Poem -

A Tale of Love's Pain

Most would say it's unavoidable, with most i've come to agree.
I can fall deep like the ocean,
Yet i cant make her see.

She tells me how her day was, and I couldn't be more intrigued.
The thoughts that flood my mind grab my focus,
and scream.

When we talk it's like our words are the same,
I can understand her feelings, her wants and her doubts.
I can feel her pain, but I dare not go to far.

I'm not able to explain with words the whole of what I feel,
but my best friend is hurting and it pains me.
It eats at every ounce of who I am or ever could be every second of every day, and I can't let her see.

The fear sets in first, followed by a short and usually overlooked burst of confidence,
Then the fear pushes that right back out.
Why does it have to be like this?
What if I didn't have to worry that if I told her how I feel i'd lose her completely, which brings in the doubt.

Like a tornado with a drawn path, it destroys all the good, happy thoughts and hopes I have.
In my mind, in my heart and all through my soul I know I want to take care of her always, but I cant seem to move my mouth.

When do I get my chance?
Why do I set my priority to make others happy when I dont take care of myself first, or at all for that matter.
I more happy then i've ever been.
I get to see her almost everyday when she comes home and I get to cook and clean for her...make her happy and see her angelic smile as she walks through the door.

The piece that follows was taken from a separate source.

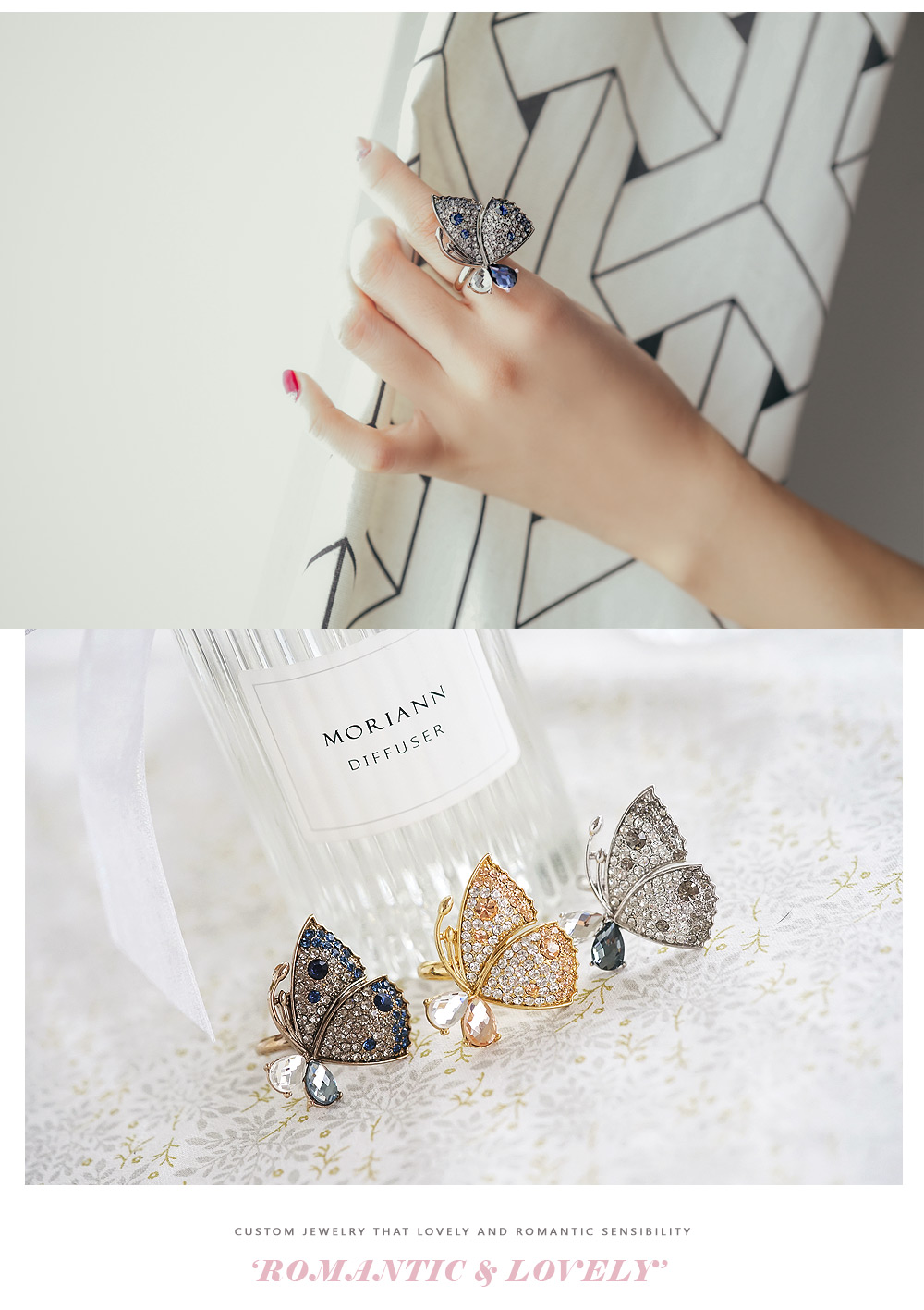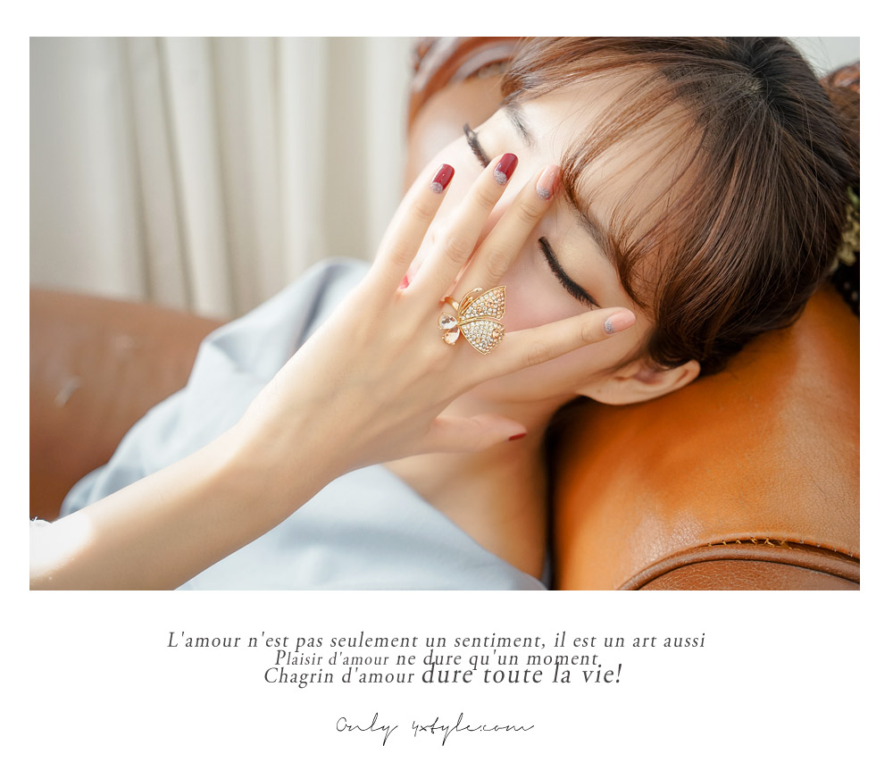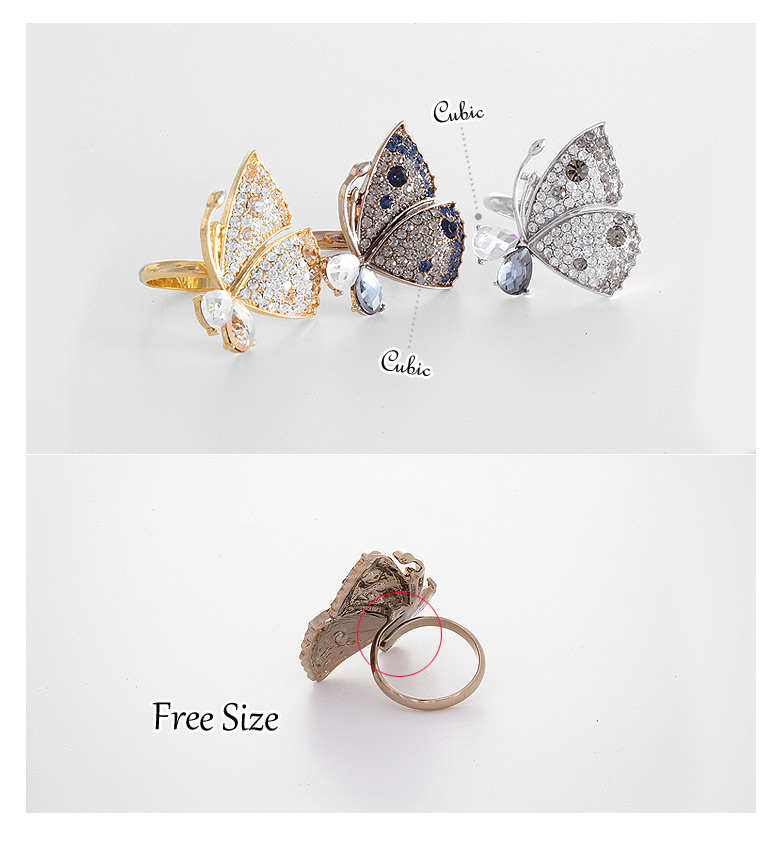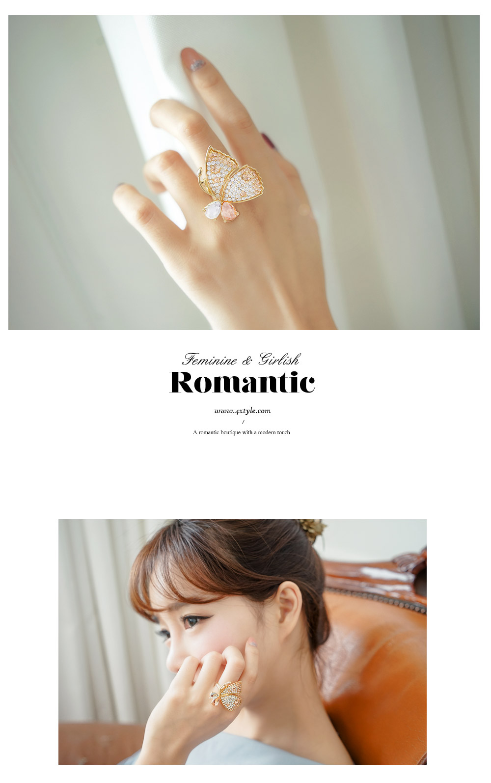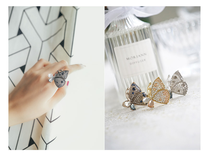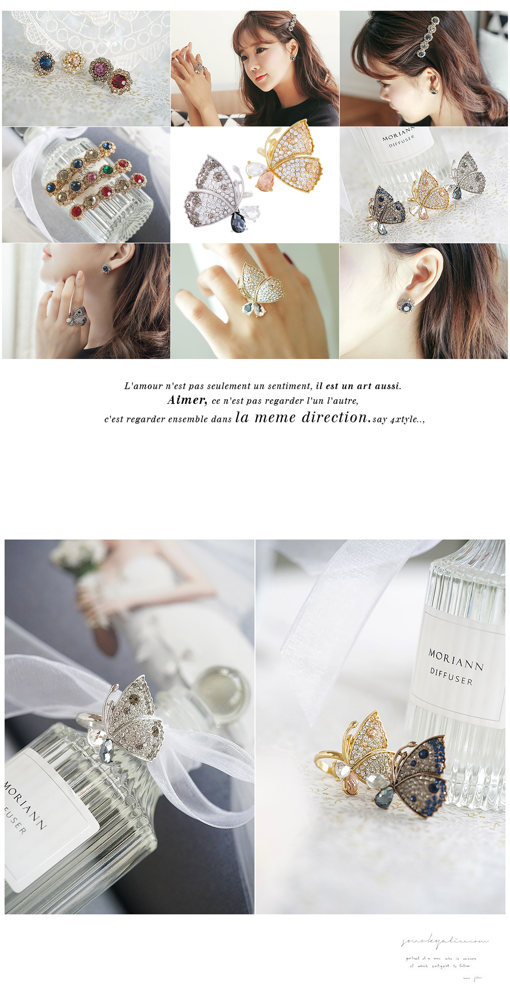 화사하고 생기있는 컬러감과 촘촘히 셋팅된 큐빅이 우아하면서 고급스러운 차밍 버터플라이 반지입니다.

How can I risk losing the one person that makes me happy, by asking more of her?
Is it greedy, is it selfish, maybe, to want more from her?
If she knew how I felt would she admit that she has feelings too, or will she become distant to help my feelings crumble away?

I sometimes think about a future we could have together,
maybe not an ideal future for most,
but we're not most.
I am more than thankful for getting to know her,
the real her,
better yet to live with her,
to have the privilage of knowing how she lives and thinks.

If I got the courage to ask her to be mine,
What if one day I just told her that i've fallen more in love with her than what I knew to be possible,
That i want her and nothing more.
Could I tell her the truth?
What if i'm not what she deserves?
I know i'm not, she deserves everything and more, and i'm meerly a guy that cant bring himself to say what he truly feels.

We tell each other everything,
or at least we should.
I want to tell her,
it's all I want,
She's all I want.

I know one day i'll have the courage to tell her that she is my whole world,
my heart,
mind,
and soul.
That I fell for her deep like the ocean,
and the vastness of that love,
This love i've held in for so long,
A love so strong it could be portioned out through everybody in this world and we'd see the start of a world wide peace,
That love is in me and it's all going after her relentlessly.

All I can do is hope that she feels even the smallest amount of something good back,
because there's no way that anything around me can stop this love from fueling my every need to have her, nothing ever will.